Deanston distillery is a Single Malt Scotch whisky distillery and it is the largest distillery owned by Scotch whisky producer CVH Spirits Limited, who also own Bunnahabhain Distillery on the Isle of Islay and Tobermory distillery on the Isle of Mull. located on the banks of the River Teith, eight miles from the historic town of Stirling, at the gateway to the dramatic Loch Lomond & Trossachs National Park.
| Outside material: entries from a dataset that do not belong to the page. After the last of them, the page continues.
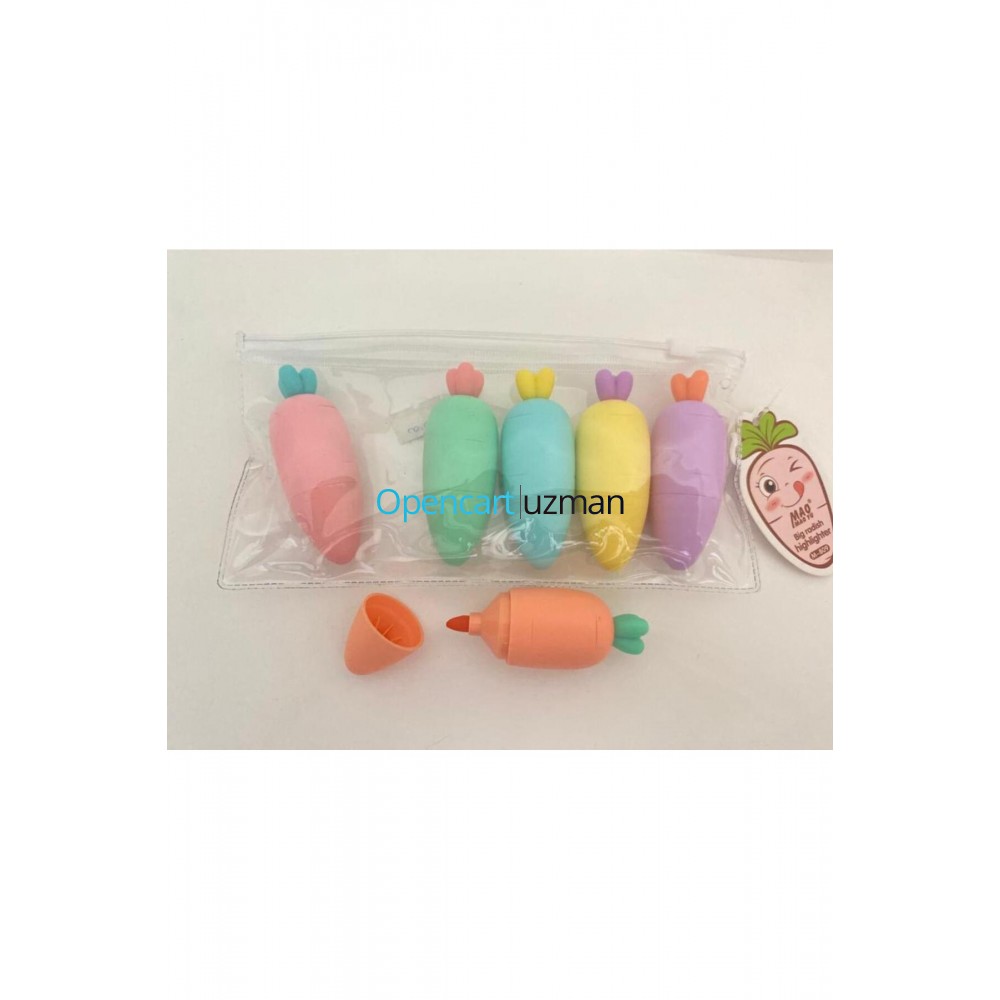 HAVUÇ TASARIMLI FOSFORLU KALEM SETİPaket içeriğinde 5 adet havuç tasarımlı fosforlu kalem mevcuttur.Kalemlerin hepsi fosforlu yazım için ve işaretleme yapmak için uygundur.Sıradışı tasarımı ile çocukların dikkatini çektiği kadar yetişkinlerin de oldukça dikkatini çekecek bir ürün.Paket İçeriği1 set 5 adet havuç tasarımlı fosforlu kalem seti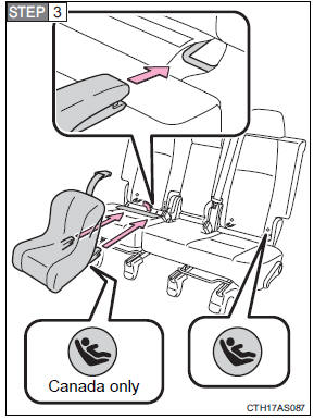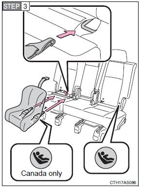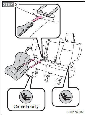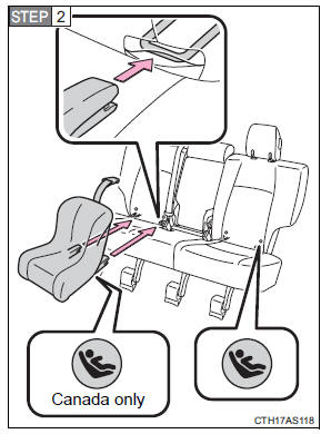 Latch the buckles onto the LATCH anchors. If the child restraint has a top tether strap, the top tether strap should be latched onto the top tether strap anchor.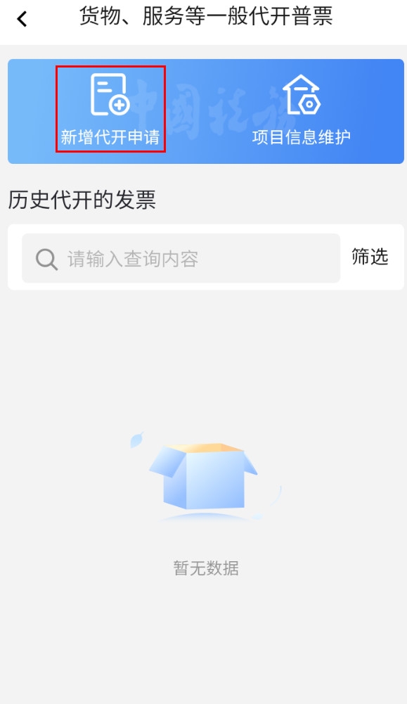 2.2、點(diǎn)擊【貨物、服務(wù)等一般代開】-【新增代開申請】進(jìn)入代開申請頁面。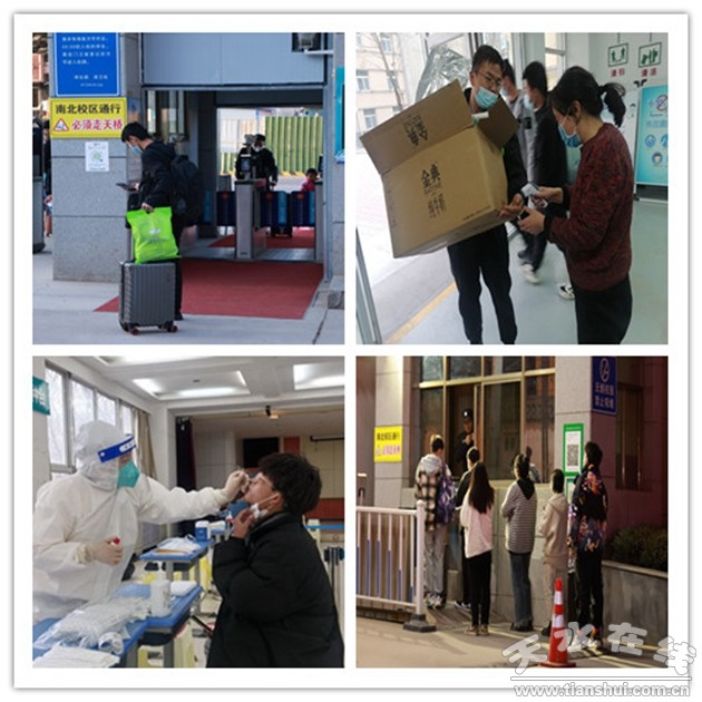 “同學,你好!我們將進行查驗健康碼行程碼、測量體溫、填寫返校登記表等環(huán)節(jié),請大家有序間隔排隊……”上午7時,已早早守候在南北校區(qū)門口的返校工作人員迎來了返校學子,F(xiàn)場依次核驗身份、檢測體溫、消殺行李、配發(fā)口罩、掃碼入校、指引核酸檢測地點。各二級學院輔導員、班主任及學生志愿者們熱情的為每位同學提供著服務,以認真負責的態(tài)度精準落實好每個環(huán)節(jié),保障學生返校工作順利有序開展。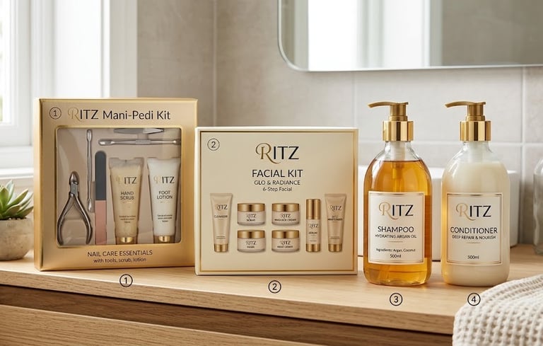 Premium mani-pedi kits, facial care sets, shampoos, conditioners, and professional beauty solutions distributed to salons, spas and retail partners across India.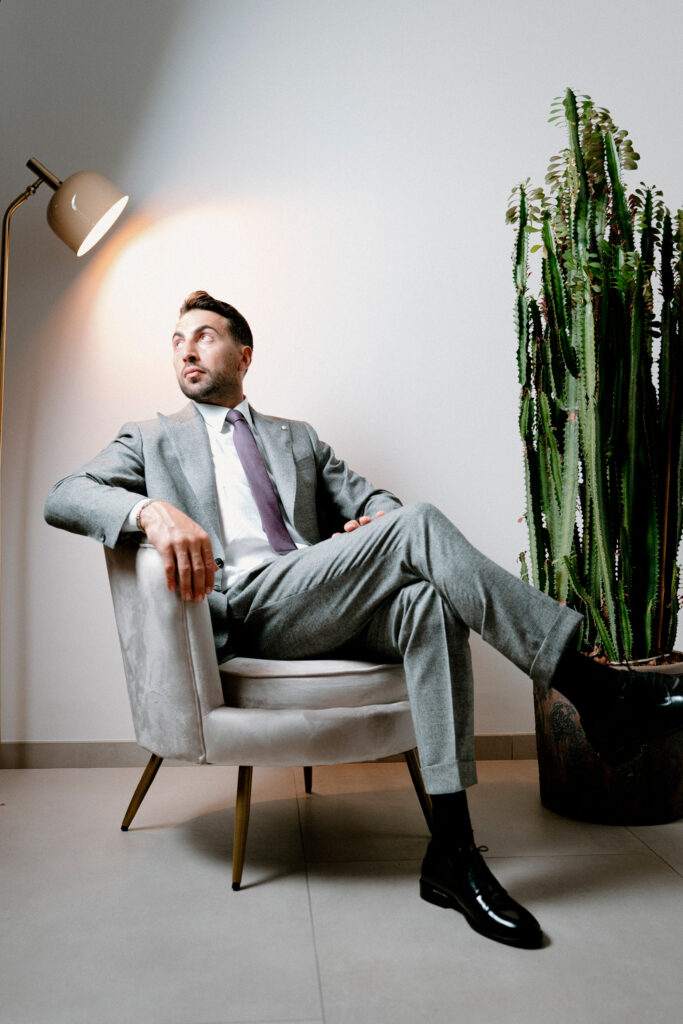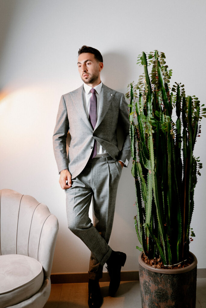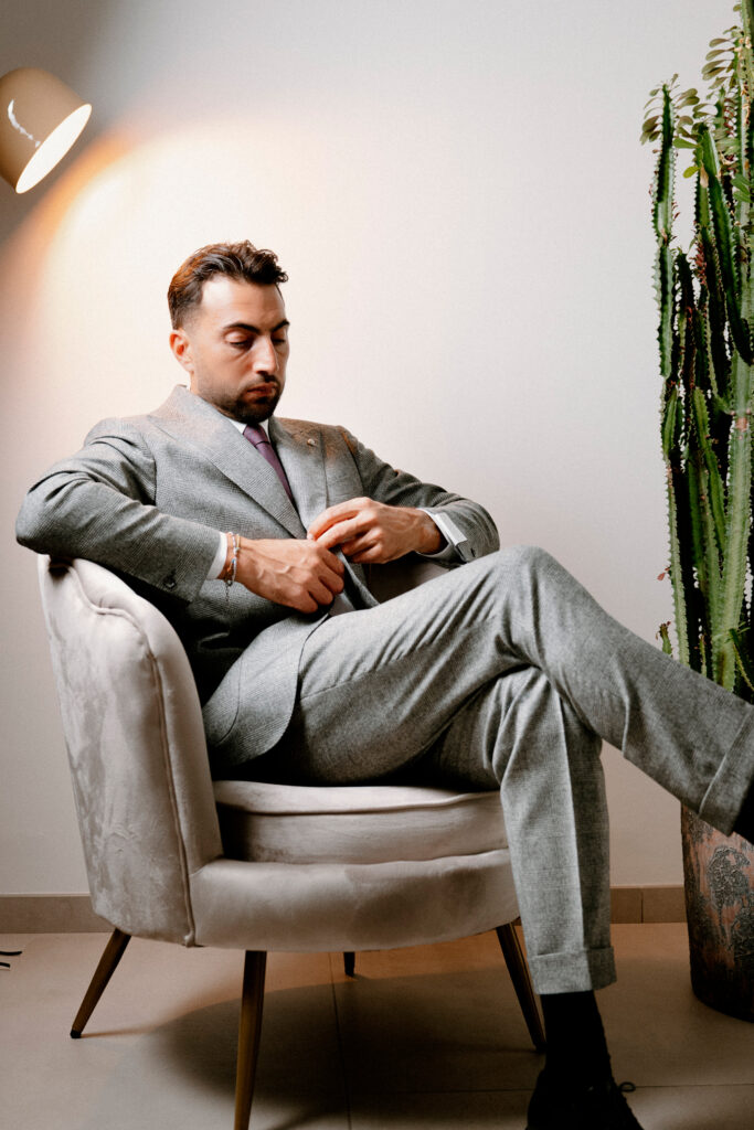 Il taglio asciutto e deciso disegna una silhouette elegante, mentre il tessuto in jersey garantisce morbidezza e libertà di movimento. Il rever ampio a lancia e la chiusura a 2 bottoni bottoni definiscono un carattere forte, pensato per l’uomo che esprime la propria personalità attraverso i dettagli.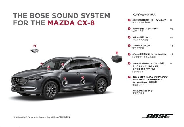 そんなCX-8で見逃せないのが、新車契約時のオプション装備として選べる『Boseサウンドシステム』だ。3列シートすべてで「上質なサウンドが楽しめること」を目的に開発したというこのシステムは、7インチモニターを備えたマツダコネクトに10基のスピーカーと専用設計のデジタルアンプを組み合わせる。

Deanston Distillery started life in 1785 as a cotton mill designed by Sir Richard Arkwright, and remained as such for 180 years until it was transformed into a distillery in 1966. The constant supply of pure water from the River Teith contributed to the decision to turn the mill into a distillery and Deanston is now the only distillery in Scotland to be self-sufficient in electricity, with power generated by an on-site hydro-energy facility. Deanston sits in the Highland single malt region of Scotland and produces whisky which is handmade by ten local craftsmen, un-chill filtered, natural colour and bottled at a strength of 46.3% ABV.

==History==
Deanston first acquired its name in 1500, when Walter Drummond (the Dean of Dunblane) inherited the lands now known as Deanston from the Haldanes of Gleneagles. The Scots word ‘dean’ was coupled with the Scots term ‘toun’, meaning farm/settlement, to make Deanston.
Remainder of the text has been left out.